Conservative pundit Eddie Anderson spoke against the resolution. The previous night at a County Commission meeting, according to the Reno Gazette-Journal, Anderson had “shouted” that peace resolution supporters were “cowards.” Now he seemed to take a more politick approach. “I don’t support war,” he said. “I saw the ravages of war. Today I salute those people who are willing to take to the streets to protest.” He spoke of his past as a civil-rights activist. He said we needed to support our president in the war effort.

In the hallway, Anderson’s tact evaporated as, out of the blue, he rushed at a reporter, denouncing the leftist bosses who run the local newsweekly. Later, Councilwoman Toni Harsh commented, mistakenly, that the same RN&R reporter had spoken in favor of the peace resolution during the public-comment period.

In her latest book, writer Joan Didion remarks on America’s “fixed ideas” since 9/11, a cultural unwillingness or inability to form complex thoughts on complex issues. New York Times associate editor Frank Rich seconds Didion’s observation that free political dialogue has been discouraged. Locally, District Attorney Dick Gammick has questioned “what [the peace demonstrators] are thinking.” Nationally, some have interpreted remarks by President Bush as questioning the patriotism of peace demonstrators. Civil libertarians worry that an “us-versus-them” perception has curtailed a citizen’s right to free and open dissent.

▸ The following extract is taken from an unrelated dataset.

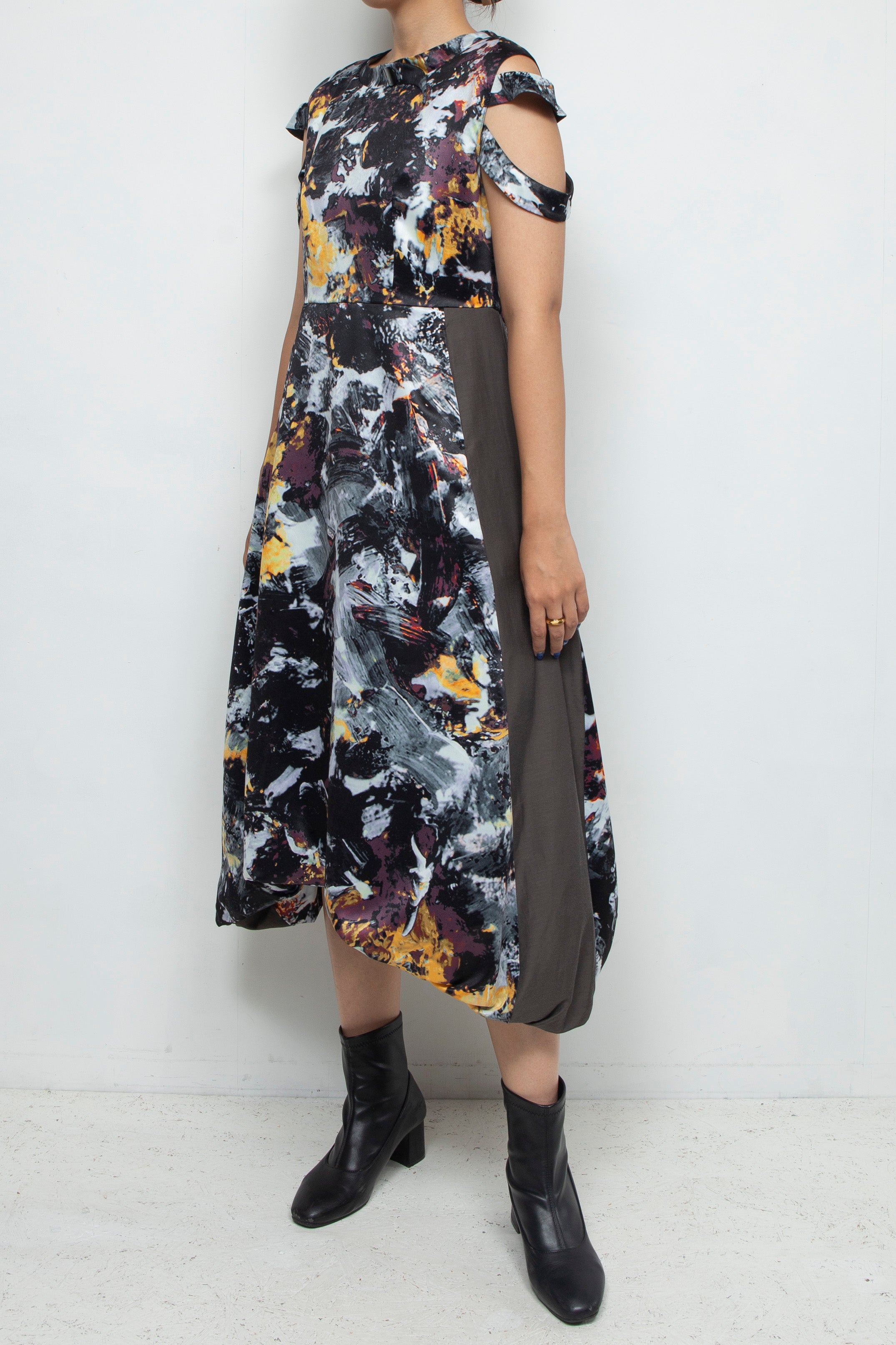 イエローの生地に浮かぶのは、連なりのある幻想的なドローイング。クラシックな形とユニークな柄のバランスが特徴的なワンピースです。

Nothing that happened during the council meeting alleviated these fears.

It was impossible for council to adopt or reject the resolution, since it wasn’t actually on the agenda. Nonetheless, when citizens rise to speak passionately on a single issue, it can generally be expected that elected officials will have something to say. In this instance, however, only Jessica Sferrazza spoke, saying that the city didn’t have appropriate information to advise the federal government and that “it may be a disservice to the public to take a position either way.”

According to Axelrod, Sferrazza said privately that if the city were going to pass a resolution, it would pass one in support of war.

Still, if council had a pro-war resolution before it, would Axelrod be so keen to have the body voice an opinion? “I would support public debate on the issue,” she said.

It’s the proper role of city government to take a position on war, she argued, which is ultimately a domestic issue. Cities including Austin, Santa Fe and Seattle appear to agree with her.

According to a recent KTVN Channel 2 survey during a 5:30 p.m. news broadcast, 94 percent of Reno-area respondents opposed the peace resolution.